Even though the inflammatory response is downregulated in intestinal macrophages, phagocytosis is still carried out. There is no drop off in phagocytosis efficiency as intestinal macrophages are able to effectively phagocytize the bacteria,S. typhimurium and E. coli, but intestinal macrophages still do not release cytokines, even after phagocytosis. Also, intestinal macrophages do not express lipopolysaccharide (LPS), IgA, or IgG receptors. The lack of LPS receptors is important for the gut as the intestinal macrophages do not detect the microbe-associated molecular patterns (MAMPS/PAMPS) of the intestinal microbiome.

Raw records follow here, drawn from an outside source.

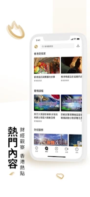 2.實時深度熱門資訊 –一手掌握「全球資訊」、「香港熱點」「財經觀察」、「軍情信息」等熱門話題,解析世界格局變化,深度了解天下熱點時事。
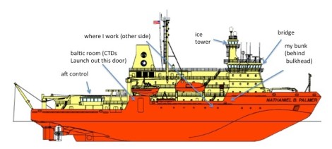 I’m including a diagram below that should give you a rough idea of the size and shape of the ship, as well as the locations of various places I’ve mentioned: the ice tower, aft control, and the elab, where I officially sit.
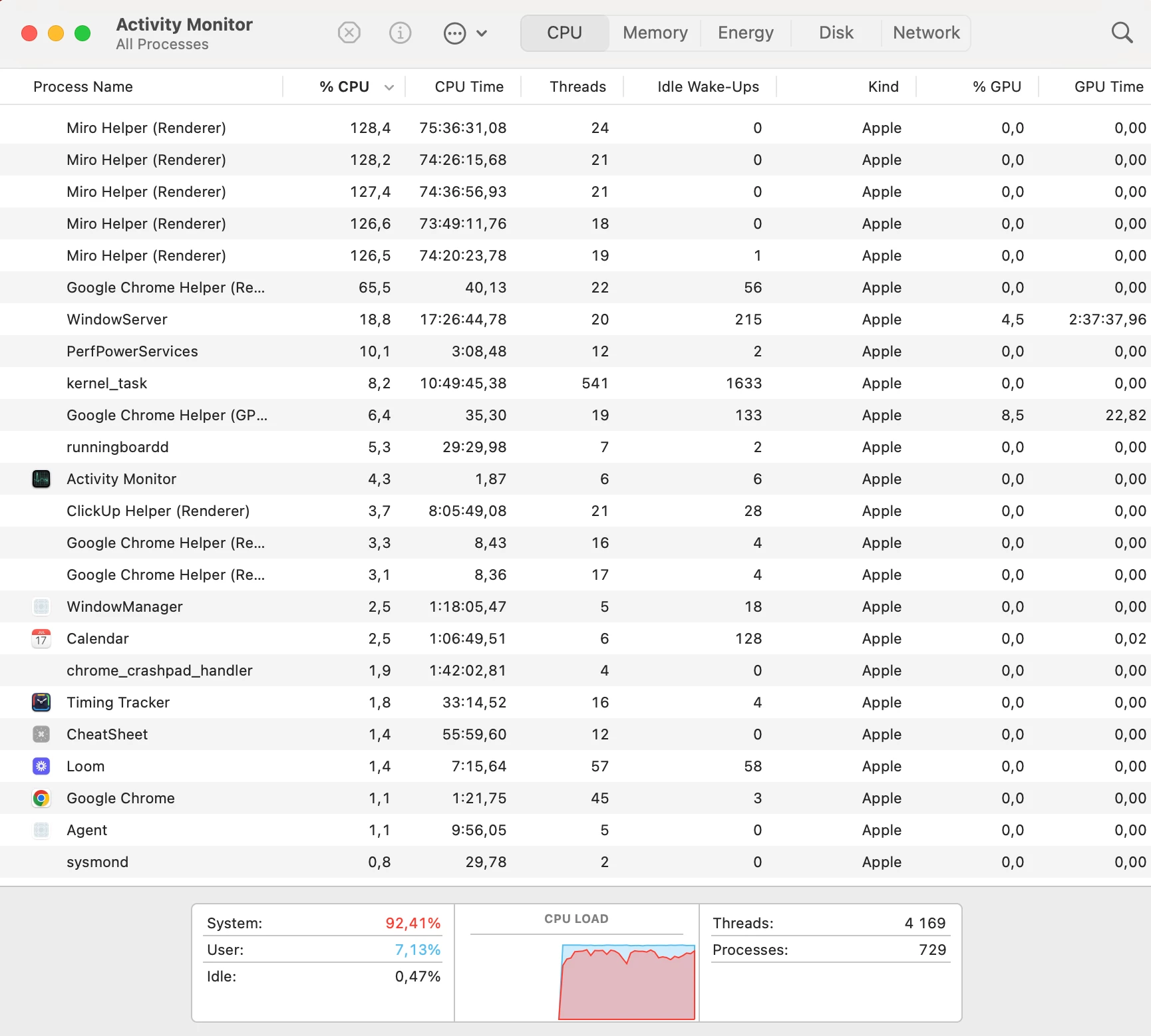 This can help pinpoint whether Miro (browser or app) is causing sustained high CPU/GPU usage—even when idle.
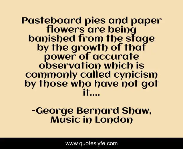 This page presents the quote "Pasteboard pies and paper flowers are being banished from the stage by the growth of that power of accurate observation which is commonly called cynicism by those who have not got it....". Author of this quote is George Bernard Shaw, Music in London. .

Nor do they express IL-2 and IL-3 growth factor receptors.

Role in disease

Intestinal macrophages have been shown to play a role in inflammatory bowel disease (IBD), such as Crohn's disease (CD) and ulcerative colitis (UC). In a healthy gut, intestinal macrophages limit the inflammatory response in the gut, but in a disease-state, intestinal macrophage numbers and diversity are altered. This leads to inflammation of the gut and disease symptoms of IBD. Intestinal macrophages are critical in maintaining gut homeostasis. The presence of inflammation or pathogen alters this homeostasis, and concurrently alters the intestinal macrophages. There has yet to be a determined mechanism for the alteration of the intestinal macrophages by recruitment of new monocytes or changes in the already present intestinal macrophages.